# "Cross rails o/f"



## Cinder (Feb 20, 2011)

I'm looking at the prize list for my upcoming show and I'd just like some clarification on these:

34) Warm-up Cross rails- trot corners
35) Cross rails-trot corners
36) Cross rails-trot corners
37) Crossrail-trot corners- U/S

38) Warm-up Cross rails
39) Cross rails o/f
40) Cross rail o/f 
41) Cross rails under saddle

I'm guessing that the U/S in the first division means under saddle. How is the "under saddle" class different from the other classes? 

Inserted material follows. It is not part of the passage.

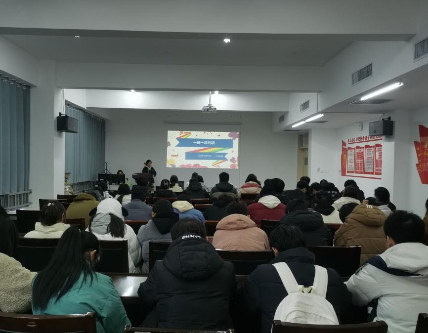 冯清对此次“一班一品”活动做出总结。她首先对大家在活动中付出的努力和取得的成果表示肯定和赞赏,同时她也对活动暴露出的问题进行总结,她表示,希望同学们能够端正态度,认真对待项目活动,重视PPT制作,锻炼台风,从而能够打造优质”班级品牌”,加强学风建设。

Also, what does o/f stand for? 

And last but not least, warm-up is not judged, correct?

Thanks!


----------



## countercanter (May 18, 2011)

Cinder said:


> I'm looking at the prize list for my upcoming show and I'd just like some clarification on these:
> 
> 34) Warm-up Cross rails- trot corners
> 35) Cross rails-trot corners
> ...


O/F means "over fences." These two divisions are different because the first one allows you to trot the corners of the course. You can canter the lines then break to the trot through the turns. The second division I am assuming wants you to canter the whole thing. Both of these divisions have two over fences classes and a flat class. The warm up is judged but it does not count for points towards the division. It is a chance for horse and rider to go in the ring and jump the course as if it were a real class. It is helpful for young or spooky horses as well as riders who might be nervous. You will have a set course to do for that class if you choose to do it.


----------